Dubstep is a musical genre that started in the uk. Basically it is overwhelming bass lines and reverberant drum patterns, clipped samples. It has been slowly gathering a following here in the us and being mainstreamed into hip hop, electronic, dance.











so basically you want a nice clean bass sound without too much reverb. Look into the infinity basslink. Clean crisp bass sounds from a 10" sub setup. Its not meant to be played loud though. Perfect for my taste.


----------



## 2035cc16v (May 18, 2000)

ummmm seriously....no


----------



## mozcar78 (Nov 30, 2003)

Mr Miyagi said:


>


wow. Thats so ****ed up. but soo funny. Nice post.opcorn:


----------



## LaFerrari (Apr 18, 2002)

Big Morgan said:


> White kids want big subs again now? I thought we were still supposed to be listening to indie and wearing our sister's pants.


:laugh::thumbup:


----------



## The Igneous Faction (Dec 30, 2006)

It's great for the wobble-bass drops.


----------



## gls:maverick (Oct 18, 2005)

JU NEEEDZ DIS!

http://www.thetrue22.com/HTML/what.html


----------



## Art Vandelay (Dec 20, 2005)

That music is...just...just _terrible_. I'm getting old.


----------



## odj (Nov 26, 2001)

gls:maverick said:


> JU NEEEDZ DIS!
> 
> http://www.thetrue22.com/HTML/what.html


LOL that's just ridiculous.

and :laugh: at the poor lady "dancing to dubstep."


----------



## kevinGTI02 (Apr 26, 2005)

mozcar78 said:


> wow. Thats so ****ed up. but soo funny. Nice post.opcorn:


Not really, she was faking it for money as far as I remember.
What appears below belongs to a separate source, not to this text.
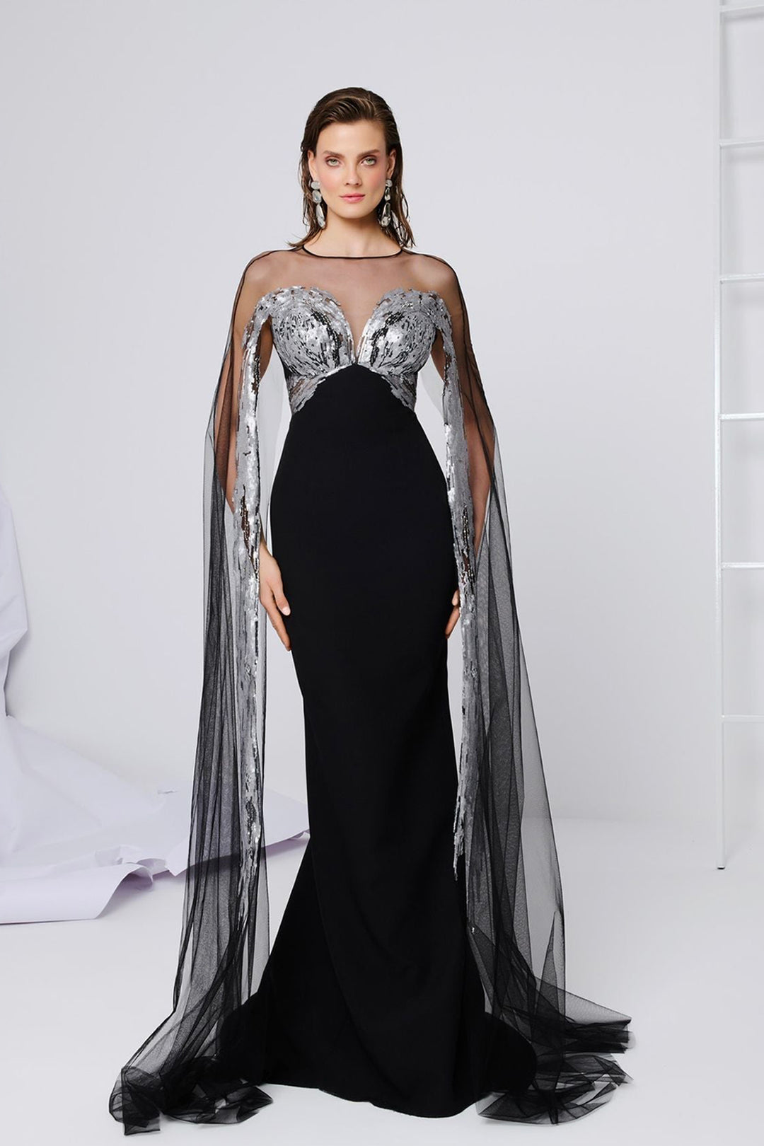Crepe Sleeveless Mermaid Dress with Tulle Cape

On a serious note, dubstep is terrible. WOMp-WOMp-WOMpppp, headache.

Smaller subs = shorter recoil = better for quicker bass beats (aka metal, techno, etc)

Bigger subs = longer recoil = better for long bass notes (xzibit)


----------



## Noisyninja (Nov 19, 2003)




----------



## CodeMan (May 12, 2006)

kevinGTI02 said:


> Not really, she was faking it for money as far as I remember.


Yep. She claimed that the flu shot gave her spasms. :sly:


----------



## Gaki (Oct 15, 2000)

video is sooo ****ed up lol.

(my personal opinion) - I liked dubstep for a few days. It sounds the same now


----------



## Art Vandelay (Dec 20, 2005)

CodeMan said:


> Yep. She claimed that the flu shot gave her spasms. :sly:


And when camera crews spotted her walking normally, she had a new symptom: a British accent. 

The hot ones are always bat**** crazy.


----------



## bluerabbit0886 (Nov 19, 2003)

This thread has not disappointed. :laugh:opcorn:


----------



## heebz (Nov 17, 2009)

From an acoustic standpoint this type of semi-low frequency response would sound sharpest from small drivers, (8 to 10 inch) playing stereo in a sealed box. Sound deadening material could also be used throughout the car for that "tight" response from the drivers.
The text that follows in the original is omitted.